Netanyahu continued to enumerate the many security threats facing Israel today, such as the Iranian nuclearization and many other issues that may or may not be revealed to the public. His punchline was, “We will overcome our enemies. I say this without diminishing one iota from the challenges we face, and I tell you in advance that self-sacrifice is involved. But I have no doubt that with the valor and courage of our soldiers, the inner strength of our citizens, we will overcome our enemies.”
This oration almost competed with Winston Churchill’s famous address of “blood, toil, tears and sweat” during World War II. Netanyahu scattered hints of a serious security challenge hovering above the nation, of the “sacrifice” that it will entail until the anticipated against-the-odds “ultimate victory.” Then he explained that a dismantling of the coalition of a right-wing government at this sensitive point in time would simply be a disaster that could spell destruction for the coming generations. In one speech, he turned Bennett not only into someone trying to promote himself to defense minister over Liberman’s body, but also to a political opportunist who will not rise to this historic occasion.
The next morning, Bennett got up, collected his wits and faced the cameras to announce the renunciation of his ultimatum and said that he will, indeed, remain in the coalition. He realized that Netanyahu had outflanked him and understood that if he would dismantle the government, he would be forever blamed for doing so on the eve of a security crisis.
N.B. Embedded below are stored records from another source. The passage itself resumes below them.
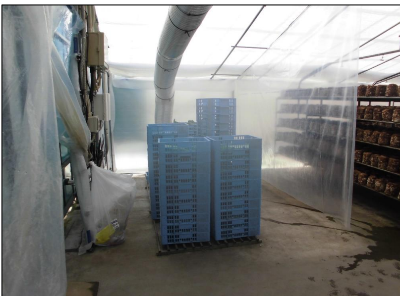
No.: 21 工種: 測点: A棟 ダクト
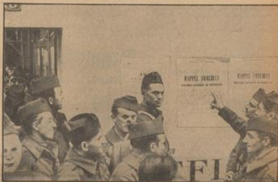
Frankreich ruft seine Reservisten ein. Überall sieht man die entsprechenden Plakate.
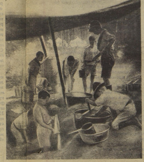
Поиск вели члены общества «Глобус» (Свердловский Дворец пионеров).
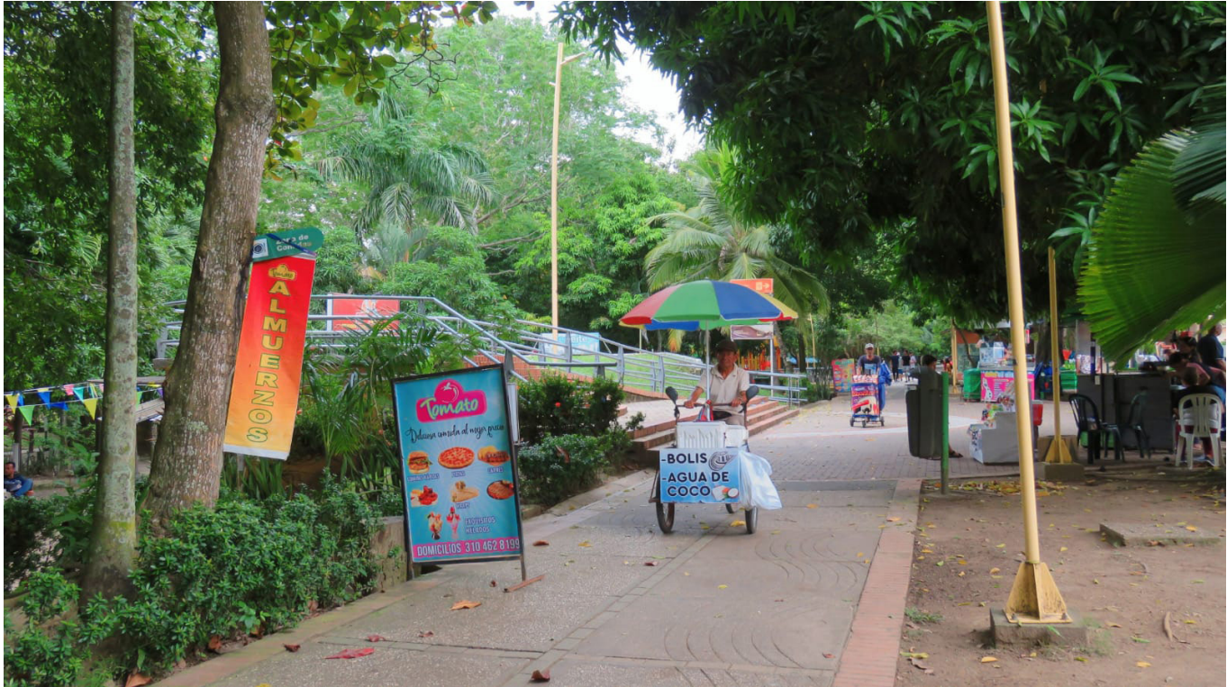
Figura 56. Ventas de colores.
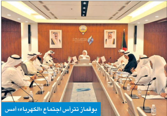
بوقمان تترأس اجتماع «الكهرباء» أمس

وشددت على ضرورة استمرار الإنجاز وتطوير العمل داخل قطاعات الوزارة، لمواصلة مسيرة الإصلاح والإنجاز ودفع عجلة التنمية في البلاد، وحثت جميع
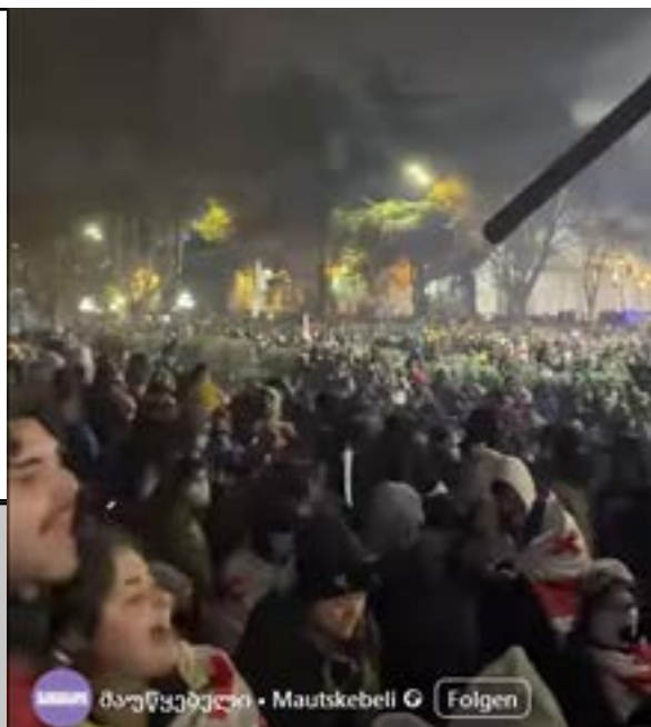
Demonstrationen in Tiflis November 2024

Beginn 19 Uhr. Eintritt frei. Gäste willkommen.
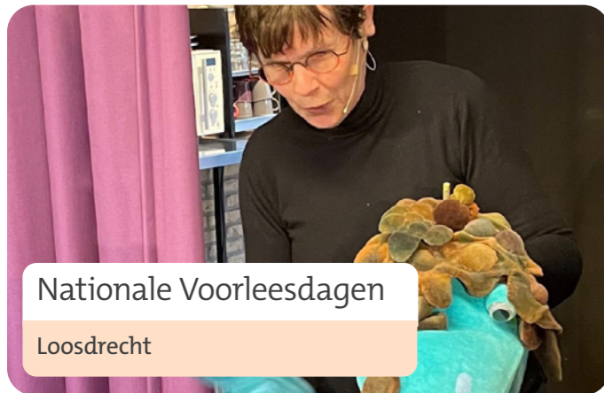
Nationale Voorleesdagen Loosdrecht
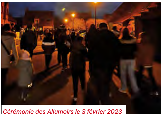
Cérémonie des Allumoirs le 3 février 2023
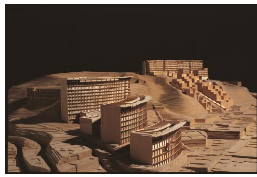
【六甲の集合住宅 rokko housing 模型】
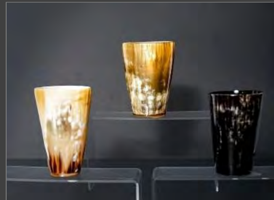
VASOS $100.000 - $70.000 - $80.000
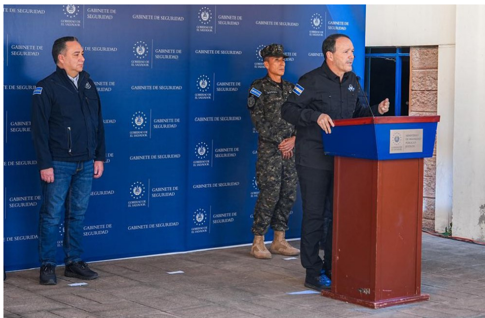
Autoridades de Seguridad señalan que no existe riesgo sobre este modus operandi, por lo que instan a los salvadoreños que si son víctimas de estas, ignorelas o bloquen los números.
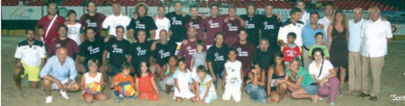
Le squadre finaliste del Torneo, con i alcuni bambini dell'Istituto "Santa Gemma"

Il 1° Trofeo dei Quartieri di Beach Soccer, che si è svolto da lunedì 23 a venerdì 27 luglio, nella Beach Arena sulla spiaggia all'altezza dell'ex camping (v. il Bum di agosto-settembre), è stato una nuova intensa festa dello

Of course, the million-dollar question is whether there really is an invisible security threat that threatens the Jewish state.
Much intelligence information regarding the northern front has evidently been gathered for some time. In his Sept. 27 speech to the United Nations General Assembly, Netanyahu disclosed information about Hezbollah’s clandestine bases with precise missiles hidden in various sites in Beirut, including a soccer stadium. The Israeli air force does not bomb Lebanon, in accordance with the rules of the game that were formed between the sides in recent years. Following Netanyahu’s words, Hezbollah evidently hurried to move these missiles to alternate sites. However, even if Israel will one day have to decide whether to bomb targets in Beirut, this is not a pressing, immediate decision nor a choice that has never been made before by Israeli leaders.
Ever since the establishment of the State of Israel, there has never been a period in which no intel existed about possible threats to the state. There have always been worrisome intelligence reports on plots and conspiracies against Israel, on weapons or plans to attack the country. Even the southern front is home to explosives and time bombs that can detonate at any given moment. Netanyahu knows that in the next crisis with Hamas, it will be harder for Israel to maintain restraint and return to daily life afterward. As prime minister he will have to pay an additional, weighty political price similar to the price he paid last week. On Nov. 21, his great rival, former minister Gideon Sa'ar, called for a preemptive strike against Hezbollah and Hamas. Therefore, Netanyahu is not really lying when he says that the future “will dictate self-sacrifice,” but he is also not being precise. He is, as usual, constructing a threat and leveraging it for his political benefit. And this week, for the millionth time, he succeeded.